Location: Healthy Processed Foods ResearchTitle: Identification, characterization, and initial epitope mapping of pine nut allergen Pin k 2 Author
|Fan, Yuting - Jiangnan University|
|Jiang, Yi - Shenzhen University|
|Lyu, Shu-chen - Stanford University|
|Nadeau, Kari - Stanford University|
Submitted to: Food Research International
Publication Type: Peer Reviewed Journal
Publication Acceptance Date: 10/24/2016
Publication Date: 10/26/2016
Citation: Zhang, Y., Du, W., Fan, Y., Jiang, Y., Lyu, S., Nadeau, K.C., McHugh, T.H. 2016. Identification, characterization, and initial epitope mapping of pine nut allergen Pin k 2. Food Research International. 90:268-274. doi.org/10.1016/j.foodres.2016.10.043.
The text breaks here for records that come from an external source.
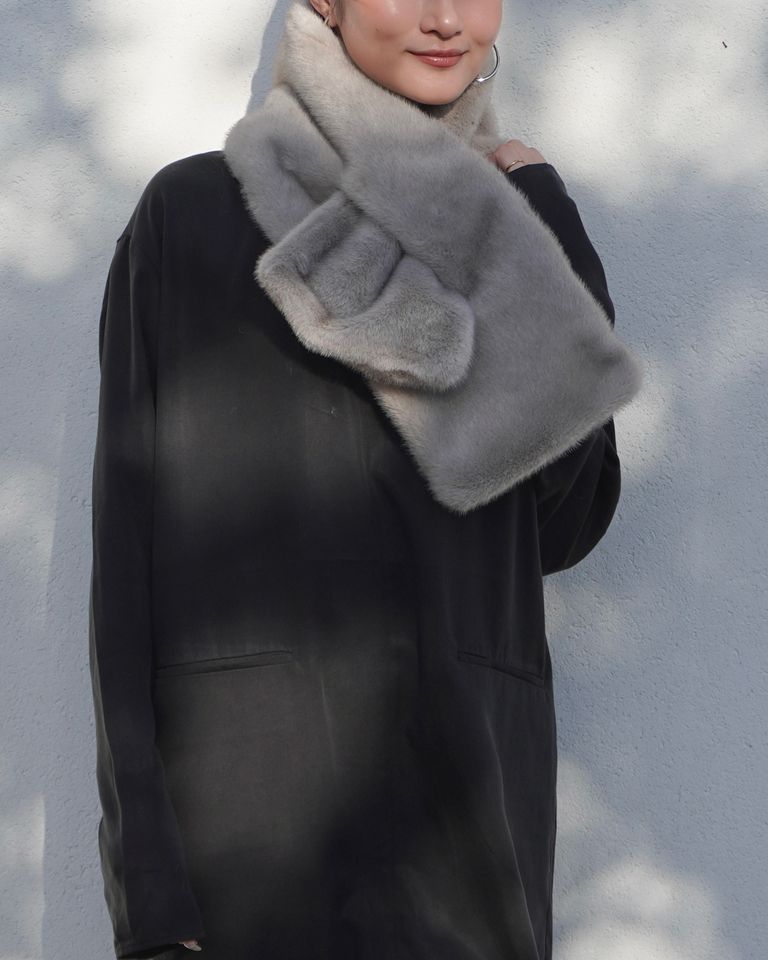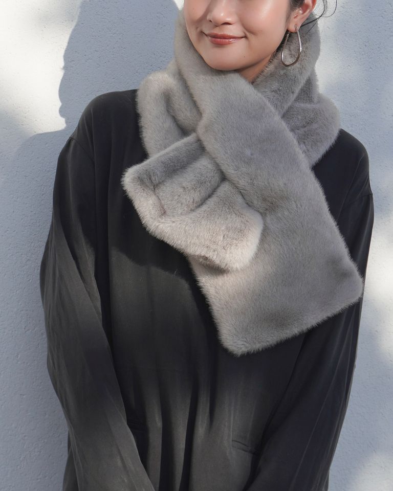 【25AW】Mink Like Fur Tippet (ライトグレー) / ミンクライクファー ティペット / ストール / エコファー / フェイクファー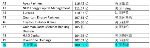 有27家本土PE機(jī)構(gòu)躋身去求TOP300榜單,其中太盟資本、霸菱亞洲、高瓴資本進(jìn)入了前五十名,表現(xiàn)亮眼,這三家機(jī)構(gòu)在過(guò)去五年當(dāng)中的融資額度達(dá)到了100.55億、132.03億、178.94億美元;除此之外還有兩個(gè)新創(chuàng)基金第一次進(jìn)入這個(gè)榜單,分別是大鉦資本、德弘資本,他們2019年融資分別是20億美元和25億美元,在過(guò)年的五年中,上榜的27家中國(guó)PE機(jī)構(gòu)融資總額是1190億美元。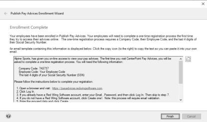 • An email message will be sent informing the selected employees that in order for your employees to access their online pay advices, they must register at payadvices.redwingsoftware.com with your Registered Subscriber Code, their Employee Code, and the last four digits of their Social Security Number. This information is in the default Employee Enrollment email message on the Customize Emails tab.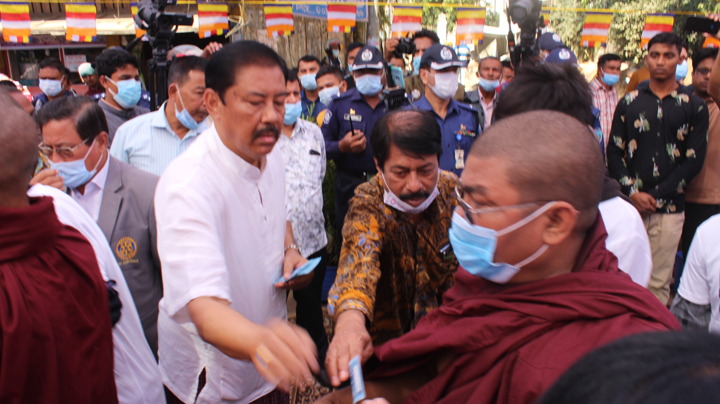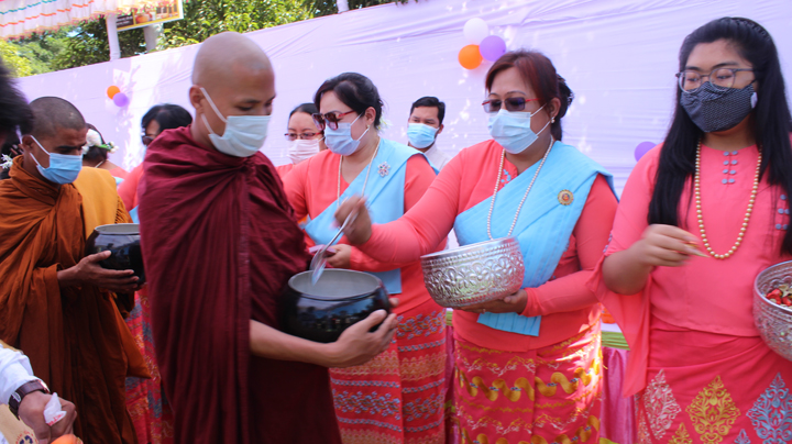 অনুষ্ঠা্নে উপস্থিত থেকে বৌদ্ধ ভিক্ষুদের পিন্ডদান করেন পার্বত্য চট্টগ্রাম বিষয়ক মন্ত্রণালয়ের মন্ত্রী বীর বাহাদুর উশৈসিং এমপি, পার্বত্য জেলা পরিষদের চেয়ারম্যান ক্য শৈ হ্লা, সদস্য ক্যসাপ্রু, সিভিল সার্জন ডা: অংসুইপ্রু মারমাসহ বৌদ্ধ সম্প্রদায়ের বিপুল সংখ্যক নারী ও পুরুষ।
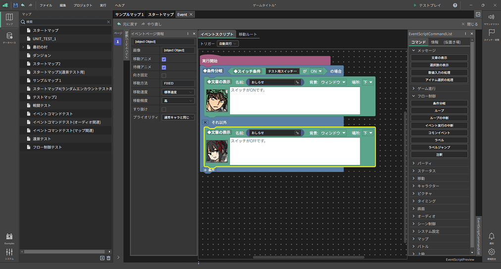 シナリオを演出するためのいろいろなイベントを組み合わせ、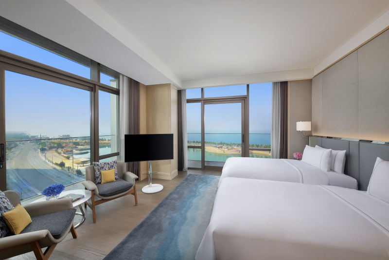 Shangri-La Jeddah’s Deluxe Sea View Room redefines spacious elegance, perfect for relaxing weekends away, or a once-in-a-lifetime honeymoon. The space is surrounded by splendid views of the endless blue of the Red Sea, enhanced with floor-to-ceiling windows that flood the space with natural light, and stylish interiors mirroring the endless blue or the sea and sandy beaches outdoors.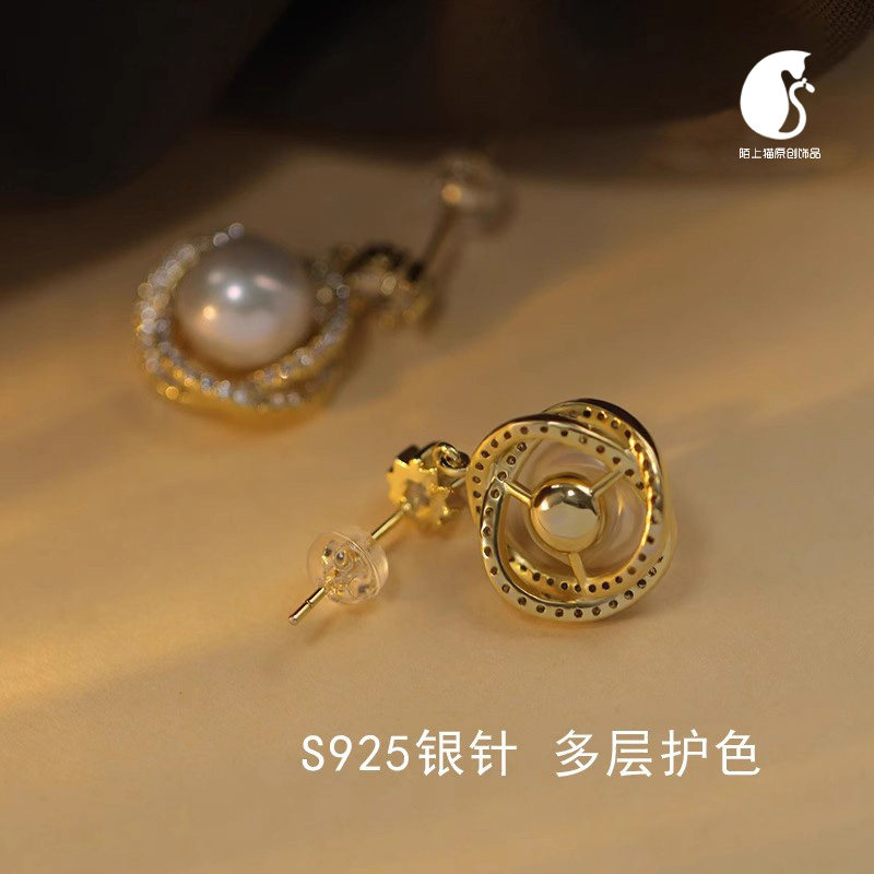 📚 法式玫瑰淡水珍珠耳环轻奢时尚感女简约气质耳钉2024新款爆款耳饰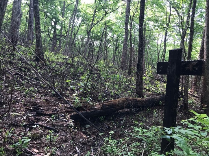 Just on the other side of the fence we came to the memorial for stronghold, the hiker who was killed in the VA attack. There was a picture of stronghold in a ziplock bag that I’ve seen in news articles. Oakland placed a pine pod on top of the memorial where others had placed change and small keepsakes. We both teared up standing there taking in the gravity of the memorial.
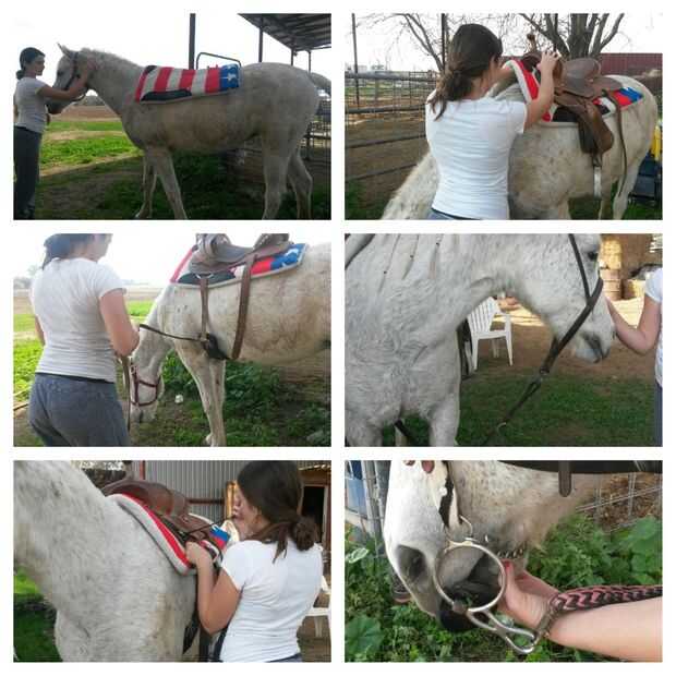 Después de cepillar y limpiar mi caballo me puse el cojín de la silla de montar del caballo. Siempre me aseguro que está cubriendo la Cruz y no frotar en mis caballos espaldas caderas. A continuación, colocar la silla de montar donde está en el centro de la almohadilla de silla de montar para equilibrar el peso en los caballos detrás. SIEMPRE puse un bolsillo entre mi cruz de caballos y el cojín de la silla de montar. Suficiente espacio para montar mi puño. Esto ayudará al caballo a sentirse más cómodo mientras que monta. Lo único que mantiene su silla de montar en su caballo es el juego de niños. Los lazos del metal en la parte inferior de la RCA será un poco del centro, esto es porque cuando usted apriete los lazos se muevan hacia el centro del estómago de los caballos. En primera deja la cincha floja si no se cincha frío su caballo. En segundo lugar al último puse el collar de la mama, que debe estar bien ajustado lo suficiente como para no caerse de los caballos del hombro puntos, esto puede causar que la manguera de tropezar y caer. Finalmente usted puede lentamente deslizar la brida a la cabeza de los caballos y la broca en su boca, sobre su lengua. Generalmente de clip las riendas en la brida antes de ponérselo pero esta parte no importa qué orden.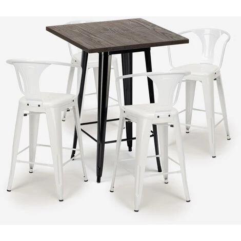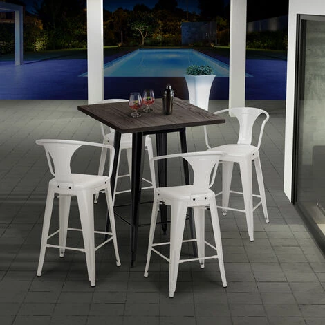 - Ensemble composé d’1 table haute carrée et de 4 tabourets
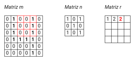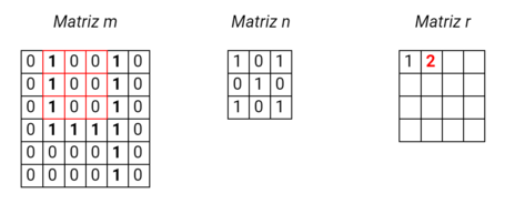 Simplificando, debemos deslizar la matriz filtro sobre la matriz original, por lo que la aplicación de la convolución de las dos matrices (la aplicación del filtro) se aplicaría de la siguiente forma: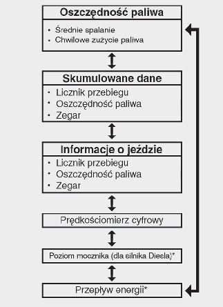 Zakres wskazań zużycia paliwa: od 0,0 do 30 km/l, l/100 km lub od 0,0 do 50,0 MPG

Interpretive Summary: Most food allergens have been defined by the observation that serum immunoglobulin E (IgE) molecules from allergy patient sera recognize a protein band from a food extract (or a protein expressed from an expression library) followed by the identification of the specific IgE binding protein by sequencing with mass-spectrometry, or other methods. Knowing that the 7S vicilin from a number of nuts (including peanuts, hazelnuts, cashews, pistachios, walnuts, and stone pine nuts) are allergens, we focused on a strategy to determine if Korean pine vicilin is a food allergen by testing whether it binds directly to IgE antibodies in sera from patients who are known to be allergic to pine nuts. This manuscript reports the expression and purification of recombinant Korean pine vicilin, the identification of this protein as a food allergen, and the deduction of information on linear IgE epitopes. These results may spped up the discovery of additional food allergens in tree nuts and accelerate the progress of understanding the allergenicity of food proteins.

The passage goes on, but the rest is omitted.